======== Listed entries ========

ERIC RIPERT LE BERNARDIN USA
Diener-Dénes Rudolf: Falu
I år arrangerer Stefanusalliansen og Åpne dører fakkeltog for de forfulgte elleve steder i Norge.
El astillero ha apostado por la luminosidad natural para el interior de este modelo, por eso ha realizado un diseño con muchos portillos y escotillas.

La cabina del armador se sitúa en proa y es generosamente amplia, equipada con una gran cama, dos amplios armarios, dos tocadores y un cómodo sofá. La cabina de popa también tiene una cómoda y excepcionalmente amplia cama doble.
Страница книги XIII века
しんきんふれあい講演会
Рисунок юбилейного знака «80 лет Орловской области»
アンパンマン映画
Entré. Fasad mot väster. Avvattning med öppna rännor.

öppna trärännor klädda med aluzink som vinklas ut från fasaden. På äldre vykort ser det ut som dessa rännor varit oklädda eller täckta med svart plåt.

========
======== Listed entries ========

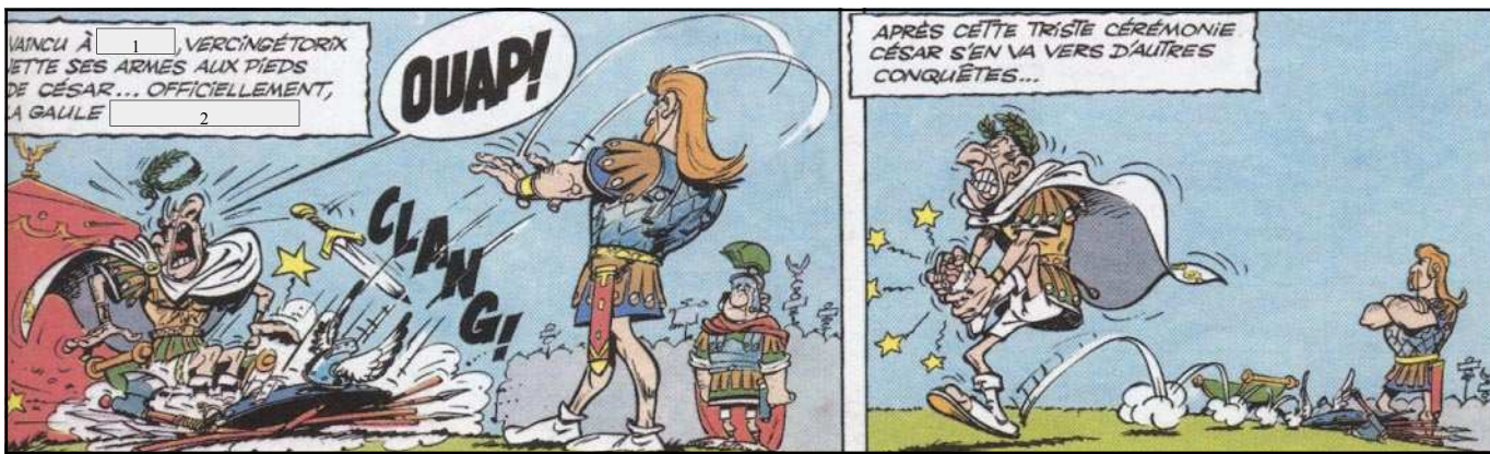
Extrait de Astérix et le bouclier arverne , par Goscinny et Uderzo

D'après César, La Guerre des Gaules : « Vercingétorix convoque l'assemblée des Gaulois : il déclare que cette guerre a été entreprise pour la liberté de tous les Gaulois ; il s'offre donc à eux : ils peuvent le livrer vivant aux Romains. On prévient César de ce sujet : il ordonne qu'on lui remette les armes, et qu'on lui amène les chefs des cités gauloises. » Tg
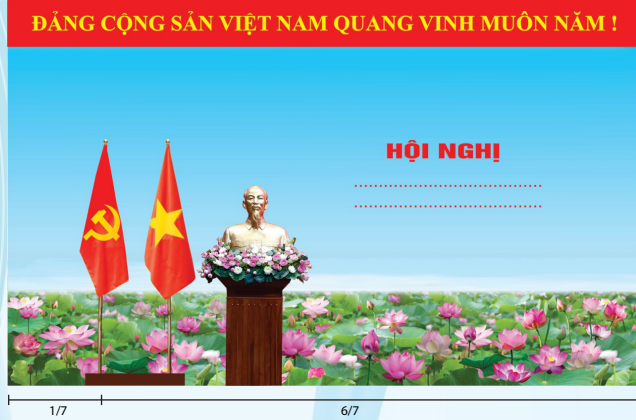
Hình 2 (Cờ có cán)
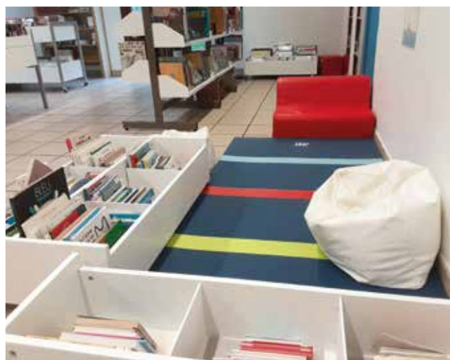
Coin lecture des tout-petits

========

__Work to complete__. Wherever the line holding "I år arrangerer" falls in the entries above, copy exactly from it through the line holding "öppna trärännor klädda", inclusive, and add nothing.

__Exercise answer__.
I år arrangerer Stefanusalliansen og Åpne dører fakkeltog for de forfulgte elleve steder i Norge.
El astillero ha apostado por la luminosidad natural para el interior de este modelo, por eso ha realizado un diseño con muchos portillos y escotillas.

La cabina del armador se sitúa en proa y es generosamente amplia, equipada con una gran cama, dos amplios armarios, dos tocadores y un cómodo sofá. La cabina de popa también tiene una cómoda y excepcionalmente amplia cama doble.
Страница книги XIII века
しんきんふれあい講演会
Рисунок юбилейного знака «80 лет Орловской области»
アンパンマン映画
Entré. Fasad mot väster. Avvattning med öppna rännor.

öppna trärännor klädda med aluzink som vinklas ut från fasaden. På äldre vykort ser det ut som dessa rännor varit oklädda eller täckta med svart plåt.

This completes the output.